Exercise-associated hyponatremia is defined as serum sodium <135 mmol/L during or after prolonged endurance exercise. Exercise-associated hyponatremic encephalopathy is low serum sodium along with symptoms such as confusion, seizures and altered mental status. If not treated properly, exercise-associated hyponatremic encephalopathy can result in death.
There are several factors that increase the risk of exercise-associated hyponatremia. The most important factor is the excessive intake of fluids. Consuming sports beverages marketed as providing adequate electrolyte replacement instead of plain water has not been shown to prevent hyponatremia.
Gender is another important risk factor. Of 26 cases of hyponatremia reported in the San Diego Marathon, 23 were women. Longer race times, lower BMI, fewer previous marathons and slower training paces also are associated with increased risk. The use of nonsteroidal anti-inflammatory drugs have also been found to be associated with hyponatremia in some athletes.
Excessive consumption of fluids is most certainly a precipitating factor. However, an inability to suppress arginine vasopressin during exercise may also contribute. Even despite unchanged serum sodium, in one study plasma arginine vasopressin was found to remain markedly elevated during a 56-kilometer ultramarathon. The authors postulate that this was due to non-osmotic stimulation from decreased plasma volume along with possible additional effects from brain natriuretic peptide, oxytocin and corticosterone.
Emergency medical personnel must be cautious when treating runners during or after endurance races. There have been cases of death or worsening symptoms after treatment with intravenous 0.9% sodium chloride. Treatment of symptomatic exercise-associated hyponatremia with 3% sodium chloride is now advised.
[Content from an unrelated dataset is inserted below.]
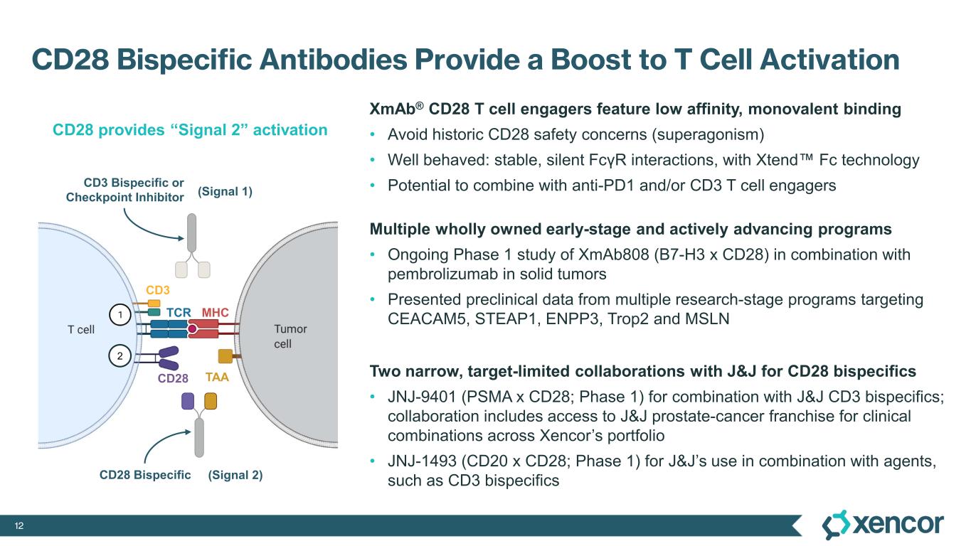 12种CD28双特异性抗体为T细胞活化XMAB提供助推剂®CD28 T细胞接合剂具有低亲和力、单价结合的特点•避免了历史性的CD28安全问题(超级激动)•表现良好:稳定、沉默的FC γ R相互作用,具有XTED FC技术•与抗PD1和/或CD3 T细胞接合剂结合的潜力多个全资早期和积极推进的项目•正在进行的XMAB808(B7-H3 x CD28)联合pembrolizumab治疗实体瘤的1期研究•提供了针对CEACAM5、STEAP1、ENPP3、Trop2和MSLN的多个研究阶段项目的临床前数据,与强生进行CD28双特异性靶点限定合作• JNJ-9401(PSMA x CD28;1期)用于与强生CD3双特异性联合;合作包括获得强生前列腺癌特许经营权,用于跨Xencor产品组合的临床组合• JNJ-1493(CD20 x CD28;1期)用于强生与药物联合使用,例如CD3双特异性CD28提供“信号2”激活(信号1)(信号2)TAA 2 CD3双特异性或检查点抑制剂CD28 CD3 TCR MHC CD28双特异性

The Second International Exercise-Associated Hyponatrmia Consensus Panel in New Zealand in 2007, along with others, suggest giving a single 100 cc bolus of 3% sodium chloride, repeated up to two times if symptoms persist. The advantage of this approach is that symptoms may be reversed dramatically, an infusion pump is not required and the risks of overcorrection are minimized compared to prolonged infusion.